Top of RECORDED INFORMATION

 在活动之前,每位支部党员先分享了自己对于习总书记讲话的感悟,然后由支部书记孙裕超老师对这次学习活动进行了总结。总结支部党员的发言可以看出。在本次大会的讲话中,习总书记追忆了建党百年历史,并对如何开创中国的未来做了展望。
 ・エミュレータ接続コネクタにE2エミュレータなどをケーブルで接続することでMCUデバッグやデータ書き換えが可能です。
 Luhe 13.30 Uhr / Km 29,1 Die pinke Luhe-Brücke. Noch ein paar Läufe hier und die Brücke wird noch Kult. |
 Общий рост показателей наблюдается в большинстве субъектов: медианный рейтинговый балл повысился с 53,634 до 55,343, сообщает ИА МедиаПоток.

Bottom of RECORDED INFORMATION
Top of RECORDED INFORMATION

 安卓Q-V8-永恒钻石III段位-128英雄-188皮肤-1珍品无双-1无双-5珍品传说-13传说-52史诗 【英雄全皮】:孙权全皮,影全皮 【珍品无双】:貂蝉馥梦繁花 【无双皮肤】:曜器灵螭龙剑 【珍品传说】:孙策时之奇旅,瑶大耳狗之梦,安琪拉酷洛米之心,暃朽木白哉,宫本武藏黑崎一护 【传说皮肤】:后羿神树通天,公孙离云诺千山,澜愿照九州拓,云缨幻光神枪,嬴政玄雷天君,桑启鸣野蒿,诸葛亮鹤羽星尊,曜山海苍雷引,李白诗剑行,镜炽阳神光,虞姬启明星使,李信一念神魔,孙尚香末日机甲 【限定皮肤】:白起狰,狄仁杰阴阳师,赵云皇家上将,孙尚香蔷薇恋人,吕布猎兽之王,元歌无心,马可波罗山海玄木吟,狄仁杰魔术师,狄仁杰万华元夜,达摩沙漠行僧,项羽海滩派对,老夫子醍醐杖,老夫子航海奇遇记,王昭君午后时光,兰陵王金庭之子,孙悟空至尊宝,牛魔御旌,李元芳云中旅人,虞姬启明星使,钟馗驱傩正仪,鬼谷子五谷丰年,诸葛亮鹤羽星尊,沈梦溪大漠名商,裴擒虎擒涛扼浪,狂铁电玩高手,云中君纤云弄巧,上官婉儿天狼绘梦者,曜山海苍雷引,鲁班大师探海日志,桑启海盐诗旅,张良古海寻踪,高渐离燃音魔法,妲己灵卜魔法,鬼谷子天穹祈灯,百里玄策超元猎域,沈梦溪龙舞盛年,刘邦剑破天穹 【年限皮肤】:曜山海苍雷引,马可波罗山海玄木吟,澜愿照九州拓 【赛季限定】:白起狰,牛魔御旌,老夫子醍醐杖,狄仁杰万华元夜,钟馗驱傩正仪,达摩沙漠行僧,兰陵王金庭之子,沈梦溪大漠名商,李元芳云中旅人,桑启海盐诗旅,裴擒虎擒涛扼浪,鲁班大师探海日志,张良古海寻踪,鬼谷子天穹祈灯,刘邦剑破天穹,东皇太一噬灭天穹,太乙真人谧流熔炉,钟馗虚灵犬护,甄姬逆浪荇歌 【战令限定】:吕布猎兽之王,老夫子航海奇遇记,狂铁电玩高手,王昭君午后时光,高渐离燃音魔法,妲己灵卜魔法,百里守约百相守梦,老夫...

Bottom of RECORDED INFORMATION

## DESCRIPTION OF THE TASK
Look back at the data above. Transcribe exactly the lines starting at the line that contains "在活动之前,每位支部党员先分" and ending at the line that contains "Общий рост показателей".

## WRITTEN ANSWER
 在活动之前,每位支部党员先分享了自己对于习总书记讲话的感悟,然后由支部书记孙裕超老师对这次学习活动进行了总结。总结支部党员的发言可以看出。在本次大会的讲话中,习总书记追忆了建党百年历史,并对如何开创中国的未来做了展望。
 ・エミュレータ接続コネクタにE2エミュレータなどをケーブルで接続することでMCUデバッグやデータ書き換えが可能です。
 Luhe 13.30 Uhr / Km 29,1 Die pinke Luhe-Brücke. Noch ein paar Läufe hier und die Brücke wird noch Kult. |
 Общий рост показателей наблюдается в большинстве субъектов: медианный рейтинговый балл повысился с 53,634 до 55,343, сообщает ИА МедиаПоток.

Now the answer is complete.